内容:教育開発のベースとなるセオリーを勉強しました。例えば、Multiculturalism, Globalisation, Post-colonisation, Post-modernisation, Human Capital Theoryなど、まず基本的な概念を勉強し、それがどう教育開発の分野に関連するかを学びました。

感想:授業の大半が講義形式だったため、また日本語でも理解の難しい概念の理解を1授業につき平均100ページほどの分量のreadingを熟さなければいけなかったために、もっと実践的なことが学びたいという思いもあり、初めは少し退屈に感じることもありました。しかし、だんだんとreadingのコツも掴めてきますし、その概念がいかに教育開発の実践に繋がるかを考えると、奥が深かったです。このあとに続くPolicy and Practice Issues in International Education and Developmentでは、SDG Frameworkなどのポリシーと実践の結びつきを勉強しましたが、その際にもセオリーは役立ったと思います。

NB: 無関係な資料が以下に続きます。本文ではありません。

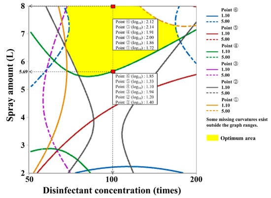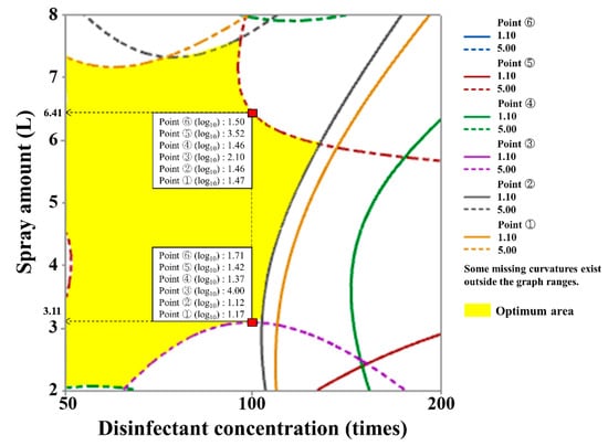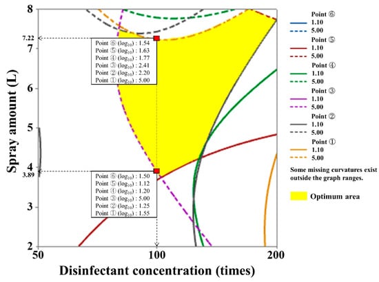 After studying the effects of the explanatory variables on the response variables, we optimized the six explanatory variables using the desirability function. We aimed to determine the optimum conditions that resulted in maximum bacteria disinfection efficiency in all areas. Moreover, workers cannot control the room size, as the disinfection space size is fixed. Therefore, we presented the optimum ranges for operating the ULV sprayer by room size to demonstrate conditions that can actually be controlled and used at the quarantine site. Figure 7, Figure 8 and Figure 9 depict the overlay plots of the effects of the disinfectant concentration and spray amount on the response variables at each room size. The yellowed area is the zone of the disinfection concentration and spray amount that demonstrated the optimal disinfection efficiencies at all locations. The different colors of curved plots show the disinfection efficiency in locations ①–⑥. We found the optimum usage conditions that predicted the total bacteria disinfection efficiency of >1.10 log10 reductions (92%) in all areas. As per the room size, the optimum conditions when using the recommended dilution factor of 100 were as follows: spray amount of 3.08–6.40 L in 160 m3, 3.78–7.22 L in 230 m3, and 5.68–8 L in 300 m3. Therefore, it can be concluded that the larger the room size, the higher the required spray amount for optimal disinfection efficiency when using the recommended disinfectant concentration.

・授業名:Curriculum, learning and society

内容:秋学期の6つの選択肢の中から選んだ授業の1つでした。内容としては、低・中所得国におけるカリキュラムの問題・開発、そしてそれがポリシーや実践にどう関連するかというものでした。

感想:実際の各国でのカリキュラムの現状と開発の例を見ながら授業が進んだため、前期よりも実践的な内容でした。個人的には、カリキュラムが学習者と市民のアイデンティティにどう影響するか、というテーマが興味深いもので、教育による、紛争後の多民族社会における市民のアイデンティティ構築・平和構築が興味の中心となりました。それが修論の”Overcoming Ethnic Division in a Post-Conflict Society: To what extent is teacher training essential to democratic and civics education in Kosovo? ”(コソボにおける市民教育実施のための教師教育)というテーマに繋がったと思います。

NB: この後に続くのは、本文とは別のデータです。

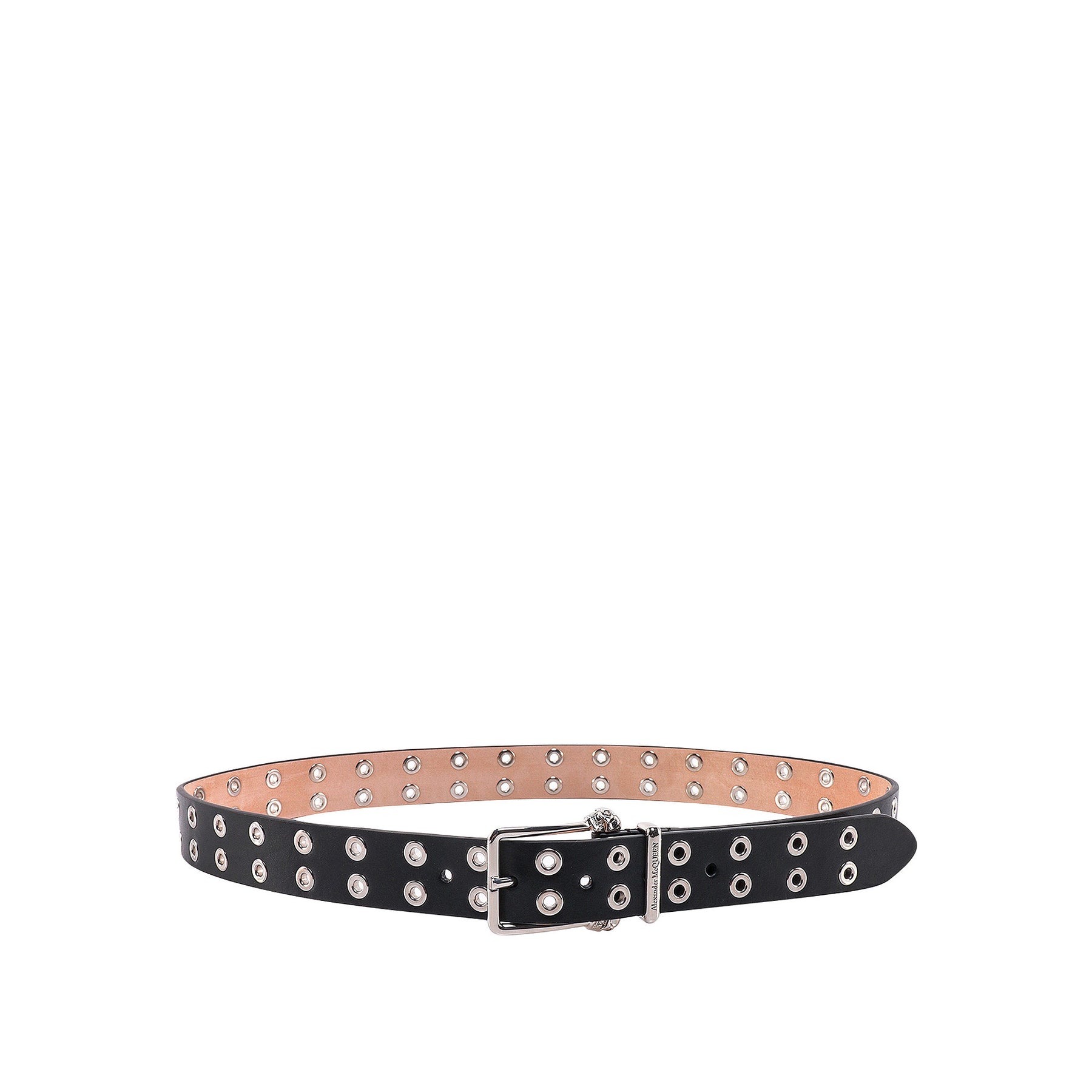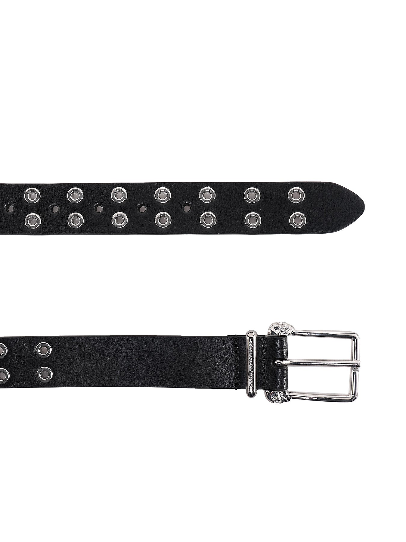 SKU: 5508781AALV_1000 - Adjustable closure metal buckle with iconic skull double holes detail made in italy leather

・授業名:The Global Governance of Education and Conflict

内容:秋学期の6つの選択肢の中から選んだもうひとつの授業でした。元々、ポスト紛争社会の教育の再構築などに興味があったので選びました。平和教育に焦点を当て、紛争社会・ポスト紛争社会においてそれがどのような役割を果たす(べき)か、どのような実践が行われているかなどをケーススタディーベースで学びました。少人数のクラスだったこともあり、授業は基本的に学生主体で進みました。毎回、2人の生徒が事前に与えられたリーディングリストの中から文献を選び、授業当日にその文献を元にプレゼン、後半に先生が補足授業やディスカッションするという形で授業が進みました。

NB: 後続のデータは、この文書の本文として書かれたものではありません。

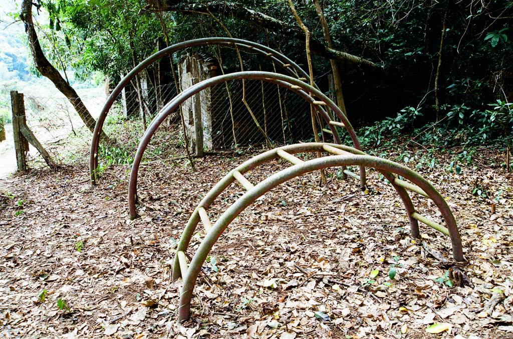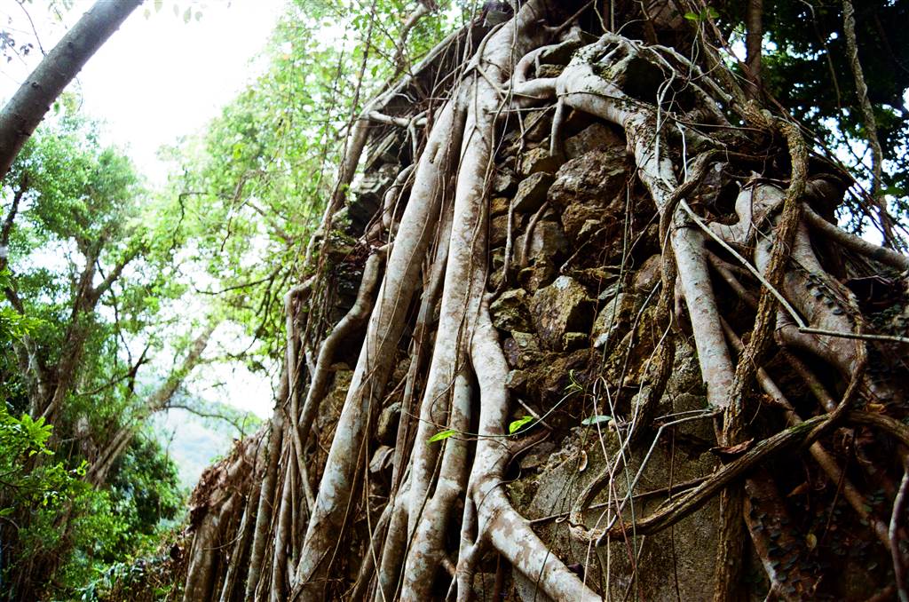 Exit the Yung Shue Au Village on this route, you will cross a stream and soon pass by some eerie sceneries:

感想:学生主体だったので、プレゼンやディスカッションを通して自分たちの深めたいところを深められたのが非常に良かった点だと思います。先生の補足授業や授業外でのコミュニケーションもとても丁寧でしたし、全体的に良い雰囲気のクラスでした。ディスカッションの中で、現場経験のある学生が率先して流れを作ったり発言したりしているシーンが多く、現場経験の少ない、もしくは無い学生は一方的にインプットされる側になってしまうので、知識を事前に他の文献で補ったほうがより授業が充実したものになるという印象は受けました。


4. 大学紹介

街からバスもしくは電車で20分ほどのキャンパスは、緑に囲まれ、野うさぎやリス、キツネなどさまざまな動物を見ることもできます。試験・エッセイ期間になると、図書館(清掃の入る金曜日の夜と長期休み以外は基本的に24時間開館)やコンピュータークラスタールームに多くの学生が深夜から早朝まで勉強しています。また、多くの学生がキャンパス内の寮に住んでいます。学内にスーパーがひとつ、生協、メインの学食が2つ、パブ、カフェも多くあります。留学生も多いですが、留学生の大半は中国人という印象があります。特に理数系の学科は大半が中国人だそうです。学内や寮で人数の多い中国人とうまく関わって行くことが留学生活のひとつ鍵になるかもしれません。一方で開発系の学科は、サセックスは開発学において世界一ということもあり、学生のバックグラウンドは多様で勉強しやすい環境です。


5.その他

ブライトンは学生にとってとても住みやすい場所だと感じます。街は、海辺ののどかな街で、人もおおらかな人が多いイメージです。移動はバスが便利です。ロンドンに比べ学生が多く、ビジネス街という雰囲気はありません。物価も全体的にロンドンより少し安いです。ブライトンはLGBTQ(性的マイノリティ)の聖地と言われていますし、音楽やアートといった様々なカルチャーにも触れることができます。ロンドンでキャンパス周辺、つまりロンドン中心地に住もうとするとやはり生活費が非常に高いため、中心から電車で40分から1時間ほど離れたところに住む学生は多いようです。しかし、ブライトンは小さくどこに行くにも1時間かかることはまずないので、通学時間に時間を取られて友人と時間や勉強時間が減ってしまうということはないと思います。


6.留学をめざしている人へ一言

これから大学院留学を考える方は、今一度、それが自分が本当にしたいことなのか、何のために大学院留学が必要なのが問いただしてみてください。大学院に進学をしたら、その分野を学びたい学生が集まってきて議論を交わす日々、毎日その分野に関する文献を読む日々が待っているので、そこで本当にやりたいことでなければしっかり意見を言うことも出来ないですし、モチベーションを失って自分が辛くなると思います。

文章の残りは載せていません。